> Goal of the exercise: The data below should be retyped exactly, with the pictures left out.

##### Input material #####

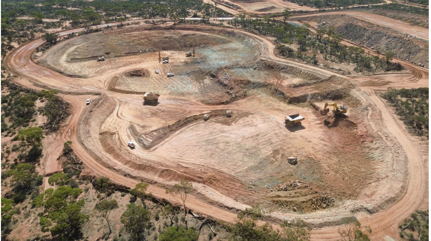
Figure 1: End of April 2026 - drilling & blasting was completed for the 305mRL bench and commenced on the 300mRL bench.
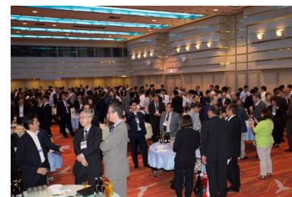
Opening Reception on Oct. 26 th
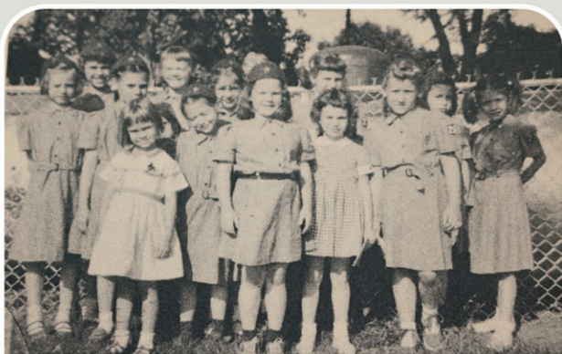
Wayside established the first Humane Education program for kids in the region. Here a Brownie Troop visited the shelter in the 1940s.
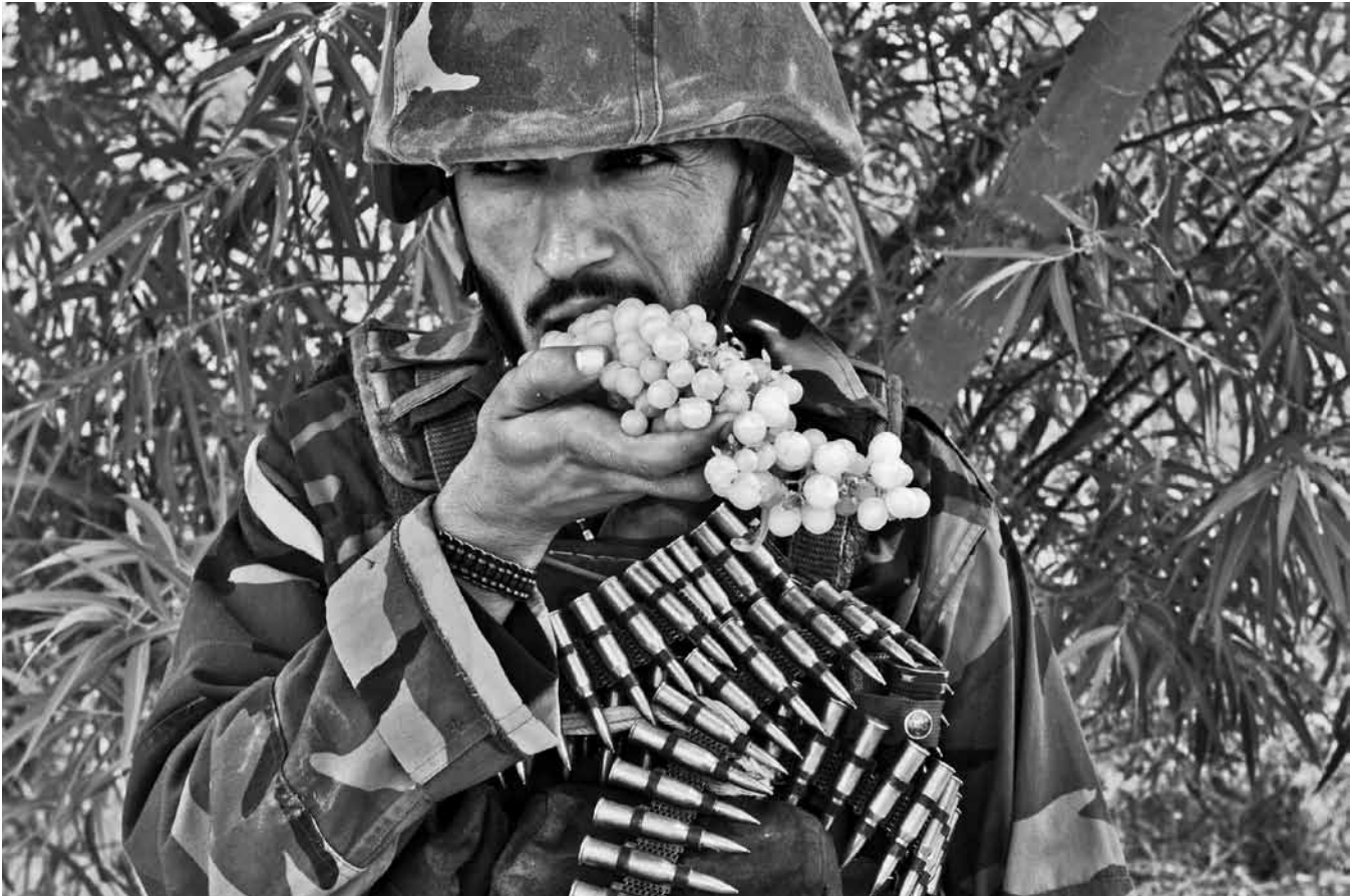
Figure 2. Louie Palu, An Afghan soldier eats grapes during a patrol in Pashmul in Zhari District, Kandahar Province, Afghanistan, 2008. Archival digital print.
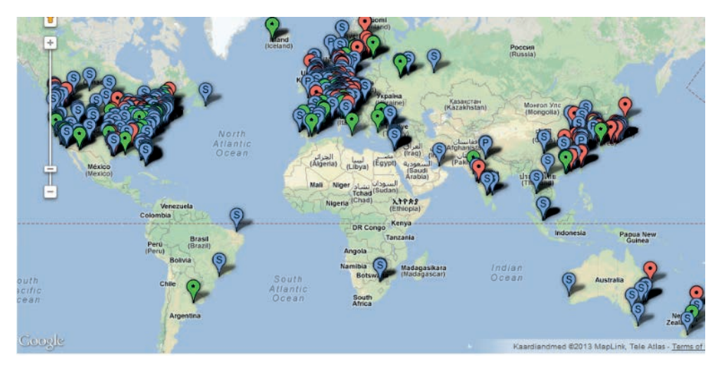
Figure 1. Distribution of robot manufacturing companies around the world (The Robot Report, 2013).

Sadly, things in Latin-America are not good: According to the The Robot Report there are only 3 manufacturers in South and Central America who sells more than 1000 robots a year. In figure 1, every marker points out one robotics manufacturer who sells more than 1000 units a year or startups (green) who have potential to sell 1000 units a year (The Robot Report, 2013). This map is not complete as this information is very hard to find but gives quite good overview of division of robotics industry and knowhow. Most companies are located in developed countries (United States, Western-Europe, Japan and Taiwan) where the use of technology is very high to overcome high cost of human resources. Nevertheless as with computer industry 20 years ago (Greenstein, 2010), soon robots and automated machines will be installed and used in other parts of the world also and therefore it is best time to learn and move into robotics business. Good way to do it is to complete successfully some small and medium size robotics projects and/or participate in research. In this paper we give overview of technologies and tools commonly used in fast development of robotics projects.
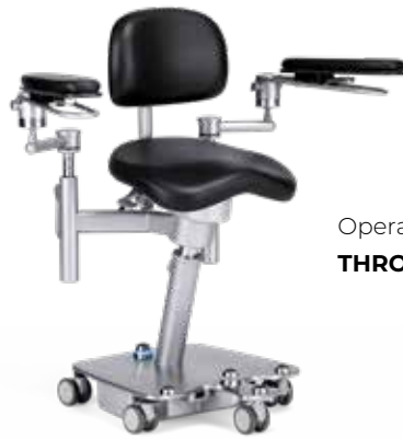
Operating chair THRONUS T3
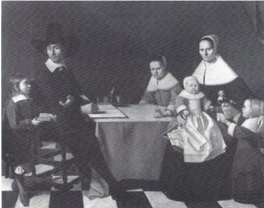
Figure 4. A Family Group by Michael Nouts

Europe was ‘discovered’ in the seventeenth century. Before children were treated as miniature adults who were part of adult society from infancy” (Humm 10).
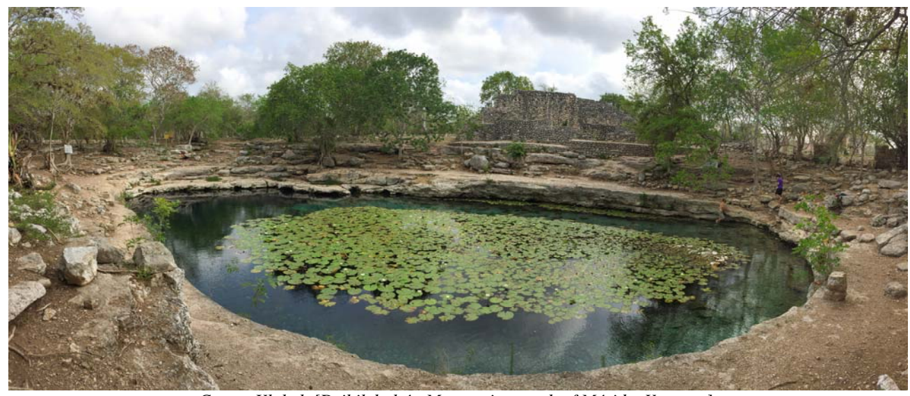
Cenote Xlakah [Dzibilchaltún Mayan site, north of Mérida, Yucatan]
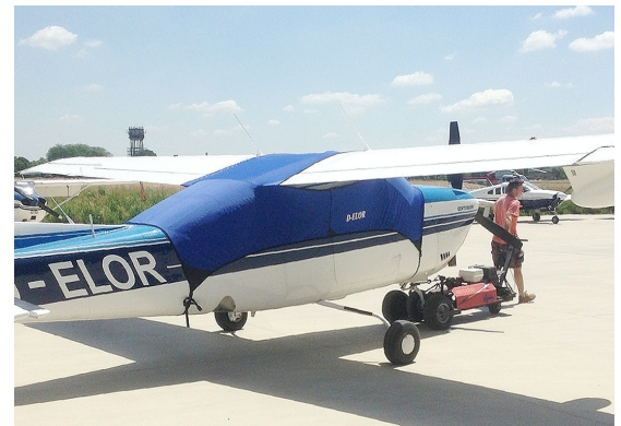
Cessna 210 Over-Top Canopy Cover

#####

> Response for this exercise:
Figure 1: End of April 2026 - drilling & blasting was completed for the 305mRL bench and commenced on the 300mRL bench.
Opening Reception on Oct. 26 th
Wayside established the first Humane Education program for kids in the region. Here a Brownie Troop visited the shelter in the 1940s.
Figure 2. Louie Palu, An Afghan soldier eats grapes during a patrol in Pashmul in Zhari District, Kandahar Province, Afghanistan, 2008. Archival digital print.
Figure 1. Distribution of robot manufacturing companies around the world (The Robot Report, 2013).

Sadly, things in Latin-America are not good: According to the The Robot Report there are only 3 manufacturers in South and Central America who sells more than 1000 robots a year. In figure 1, every marker points out one robotics manufacturer who sells more than 1000 units a year or startups (green) who have potential to sell 1000 units a year (The Robot Report, 2013). This map is not complete as this information is very hard to find but gives quite good overview of division of robotics industry and knowhow. Most companies are located in developed countries (United States, Western-Europe, Japan and Taiwan) where the use of technology is very high to overcome high cost of human resources. Nevertheless as with computer industry 20 years ago (Greenstein, 2010), soon robots and automated machines will be installed and used in other parts of the world also and therefore it is best time to learn and move into robotics business. Good way to do it is to complete successfully some small and medium size robotics projects and/or participate in research. In this paper we give overview of technologies and tools commonly used in fast development of robotics projects.
Operating chair THRONUS T3
Figure 4. A Family Group by Michael Nouts

Europe was ‘discovered’ in the seventeenth century. Before children were treated as miniature adults who were part of adult society from infancy” (Humm 10).
Cenote Xlakah [Dzibilchaltún Mayan site, north of Mérida, Yucatan]
Cessna 210 Over-Top Canopy Cover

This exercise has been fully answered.